---------- DATA IN THIS EXERCISE

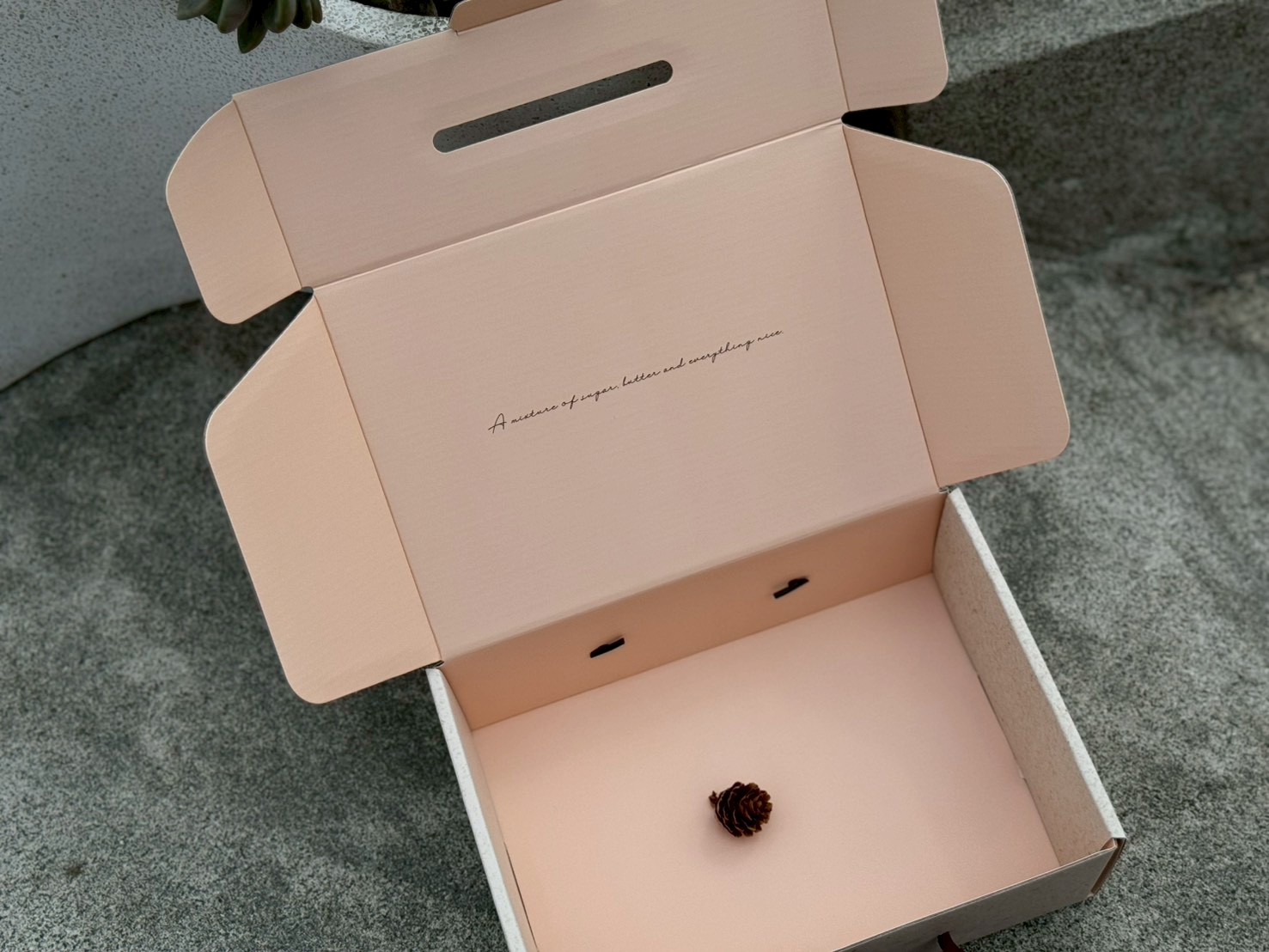 ▪ 紙張|雙面皆使用白卡210gsm+三明治裱貼E浪100/115gsm
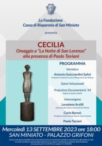 Mercoledì 13 settembre 2023, alle ore 18:00 presso Palazzo Grifoni a San Miniato (PI), la Fondazione Cassa di Risparmio di San Miniato si pregia di presentare al pubblico un’importante scultura dal titolo “Cecilia – Omaggio a La Notte di San Lorenzo”.
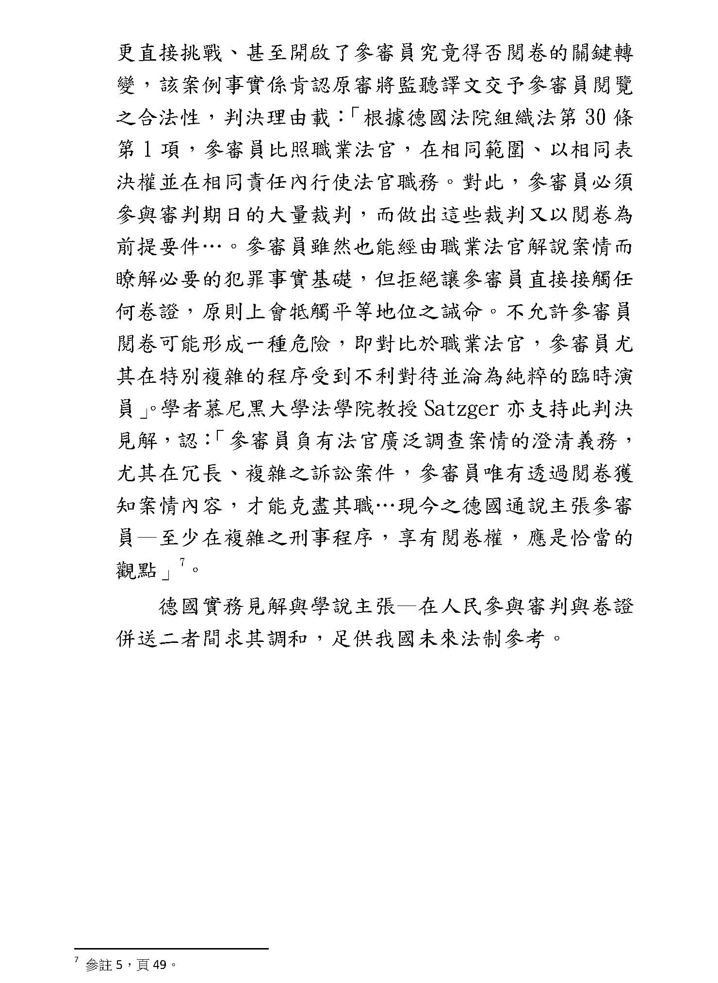 我剛才已經介紹過,我觀摩了這麼多國家的人民參與審判制度,而且官方和民間所有該去的模擬審判我都去了,剛才說的高雄地院模擬法庭我也去過,所以我有很深刻的瞭解。我試著舉出我發現的一些問題,第一個,到底卷證要不要併送?在過去的觀審制中,基本上是主張不可以卷證併送,但是它又留了一個後門說必要時受命法官是可以接觸卷證的,這不僅讓我覺得當一個人民走上法庭之後,他和法官的資訊在不平等的情況下,他要如何和法官平起平坐,做出公平的審判?這是我第一個發現的疑問。
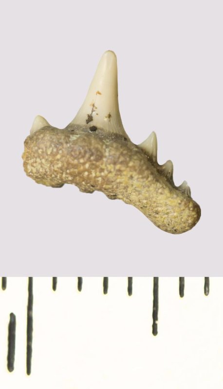 Зуб. Акула. Synechodus sp. Классификация: Хордовые Chordata, Позвоночные Vertebrata, Хрящевые рыбы Chondrichthyes, Пластиножаберные Elasmobranchii
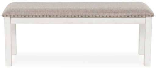 Signature Design by Ashley®The Robbinsdale dining bench is sure to impress come mealtime. With its antiqued white finish and light gray upholstery with nailhead trim, modern ...
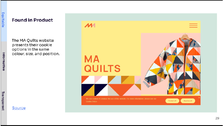 Image: the principle of equitability found in practice on the website for MA Quilts.
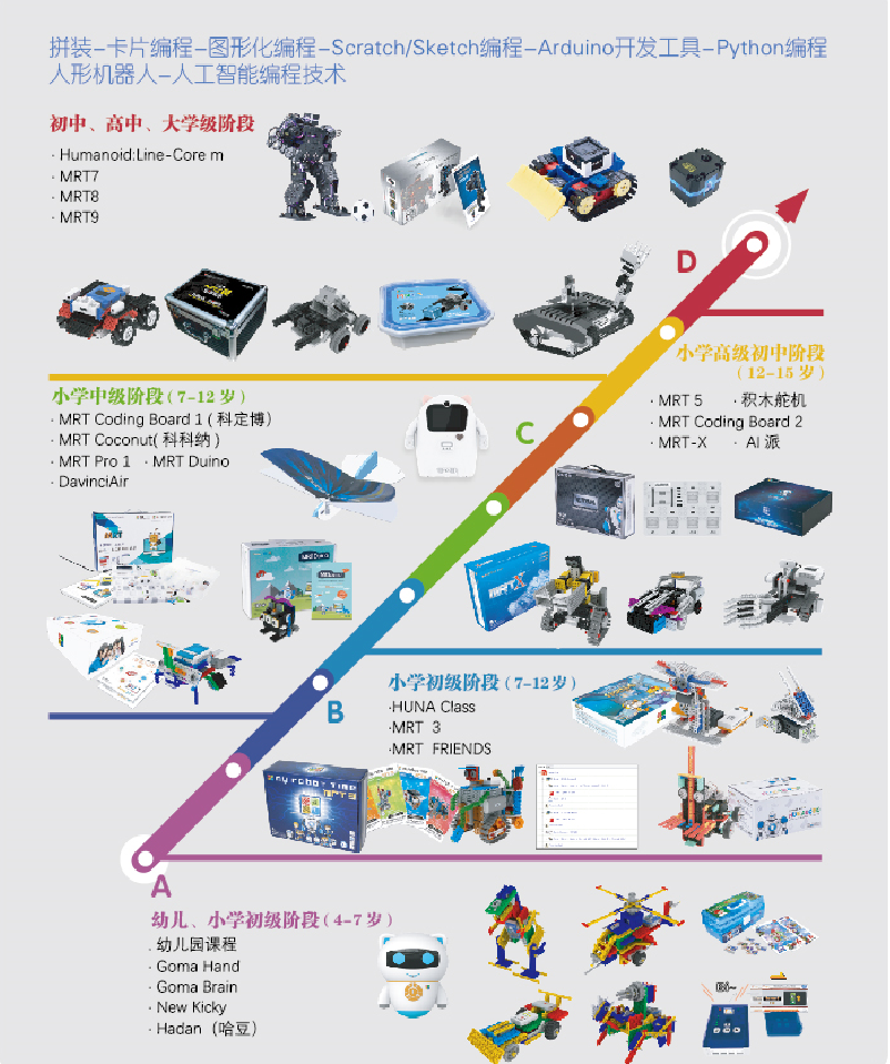 ▲韓端覆蓋全學(xué)齡段STEAM教育產(chǎn)品課程體系
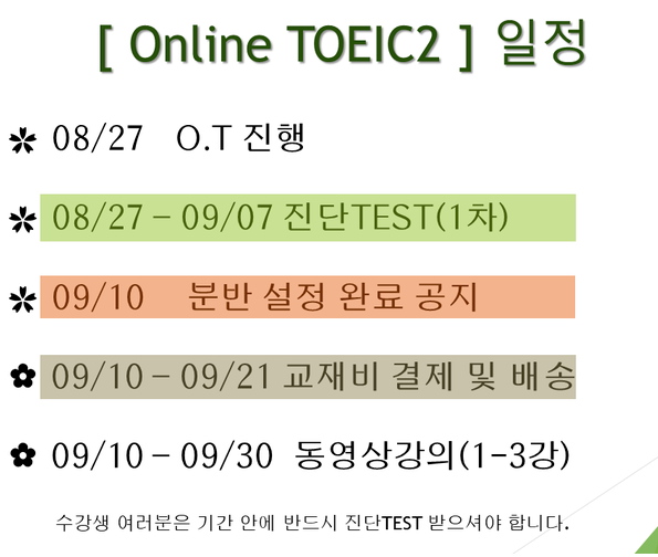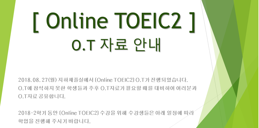 | 제목 | [온라인 토익2] O.T 자료 및 안내 | ||
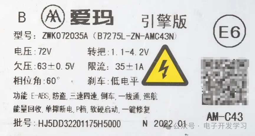 这是控制器的铭牌,型号ZWK072035A,电压72V,电流35A。看起来应该是晶汇出的。这个控制器的功能还挺丰富:E-ABS,防盗,三速四档,倒车,一线通,巡航,能量回收,单撑断电,P档,软硬启动,一键修复等功能都有。
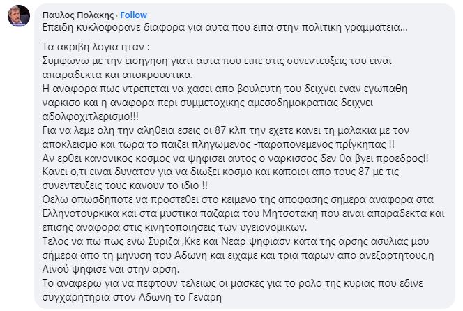Ο βουλευτής Χανίων απάντησε με σχόλιο, λέγοντας ότι «κυκλοφορούν διάφορα» για τα όσα είπε, και παρέθεσε την τοποθέτησή του στην ΠΓ. Συγκεκριμένα στην ανάρτησή του ανέφερε:
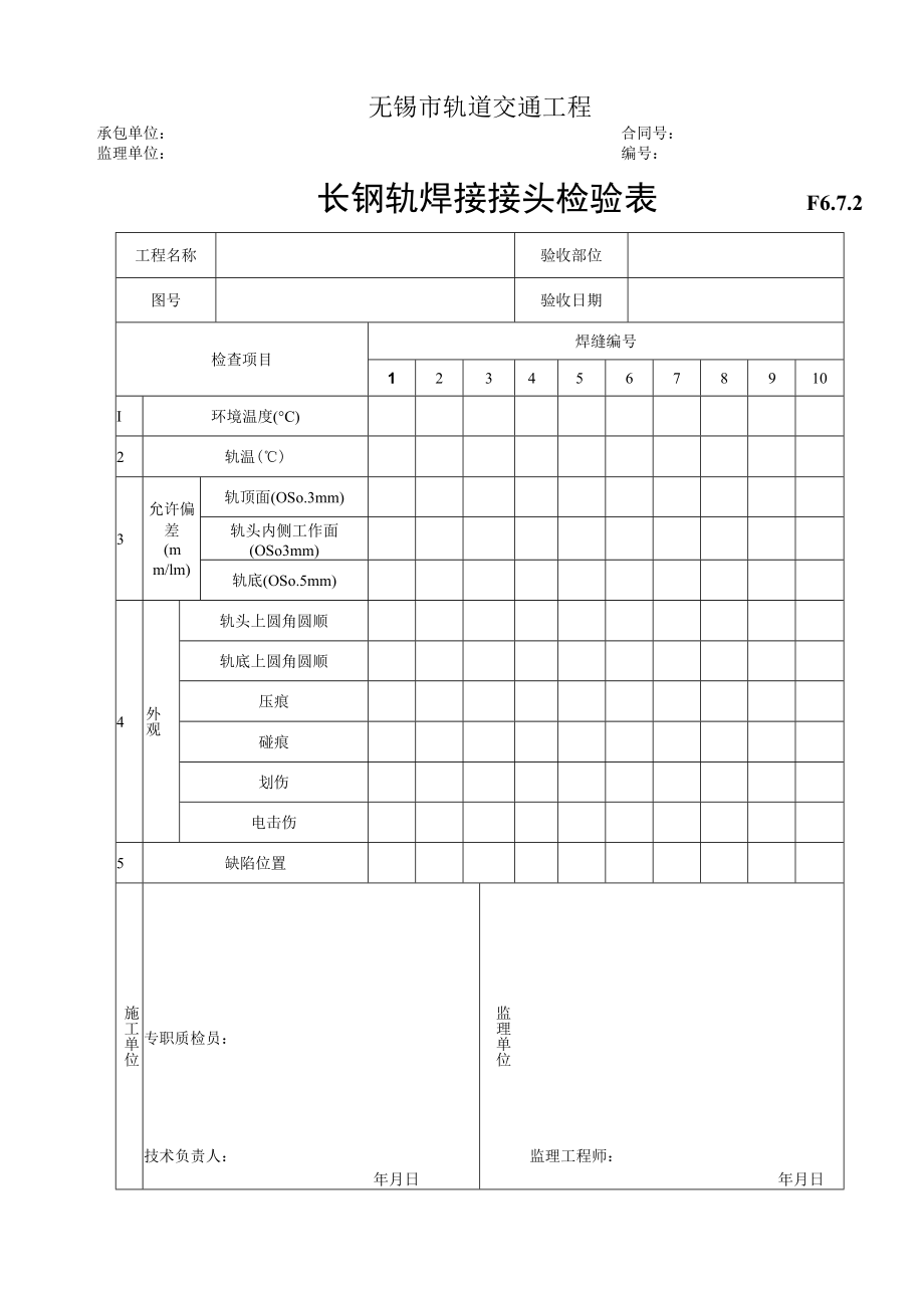 2、5)压痕碰痕 划伤 电击伤轨头上圆角轨底上圆角圆顺圆顺施工单位专职质检员:技术负责人:监理单位监理工程师:工程名称验收部位图号验收日期焊接方法钢轨编号焊接口期仪器型号焊接设备焊接班组长探伤缝号焊编位置探头入射角折射角频-MHZ灵敏度无陷有缺探伤缺陷位置及说明轨头A轨腰轨底轨头轨腰轨底轨头轨腰轨底轨头1轨腰轨底无锡市轨道交通工程承包单位:合同号:监理单位:编号:长钢轨焊接接头检验表F6.7.2工程名称验收部位图号验收日期检查项目焊缝编号12345678910I环境温度(C)2轨温()3允许偏差(mm/lm)轨顶面(OSo.3mm)轨头内侧工作面(OSo3mm)轨底(OSo.5mm)4外观轨头上圆
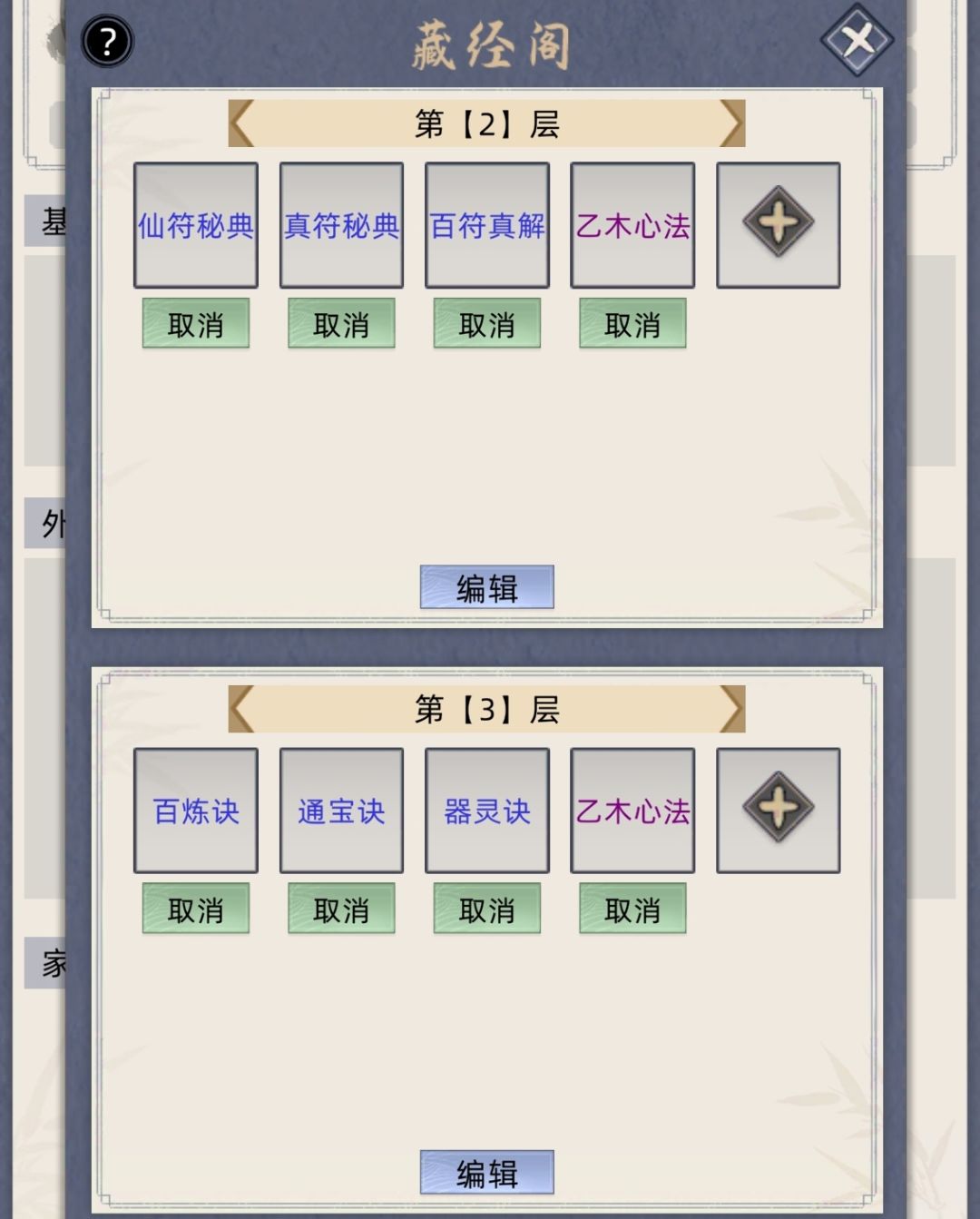筑基一~化神 三阶全技能功法二本+四阶一本技能功法+四阶乙木+主修一本,分三层 丹 器 符。
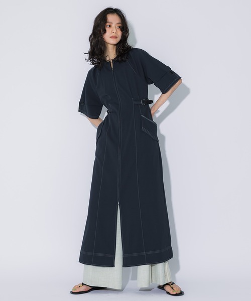 デザイン性がありながらも、シンプルで上品に着こなせるワンピースです! ■デザイン ・配色ステッチとシルエットがポイントの、一枚で決まるワンピース。 ・ウエストはサイドのベルトで絞ることができ、ネックの開きもお好みで調整していただけます。 ・足元次第でオンスタイルも、カジュアルダウンさせたスタイリングも楽しめるようなデザインと素材。 ■素材 ・エアリーな膨らみをもたせたポリエステル。 ・ナチュラルな表情と爽やかな風合いが特徴。 透け感:なし 裏地:なし 伸縮性:ややあり ■お手入れ方法 ドライクリーニング推奨 ---------------------------------------------------- 【お買い物をよりお楽しみいただく為に】 ▼商品のお気に入り登録をおすすめします! ♡をクリックしてください。 完売カラーの再入荷や、ラスト1点の通知、セールの際の通知を受ける事ができます。 ブランドのお気に入り登録もご一緒にお願い致します。

--------------------

● ACTIVITY
Please copy out from the data above, without any picture, exactly the lines running from the one that holds "这是控制器的铭牌,型号ZWK" through the one that holds "Ο βουλευτής Χανίων", and nothing beyond them.

● SOLUTION FOR THIS TASK
 这是控制器的铭牌,型号ZWK072035A,电压72V,电流35A。看起来应该是晶汇出的。这个控制器的功能还挺丰富:E-ABS,防盗,三速四档,倒车,一线通,巡航,能量回收,单撑断电,P档,软硬启动,一键修复等功能都有。
Ο βουλευτής Χανίων απάντησε με σχόλιο, λέγοντας ότι «κυκλοφορούν διάφορα» για τα όσα είπε, και παρέθεσε την τοποθέτησή του στην ΠΓ. Συγκεκριμένα στην ανάρτησή του ανέφερε:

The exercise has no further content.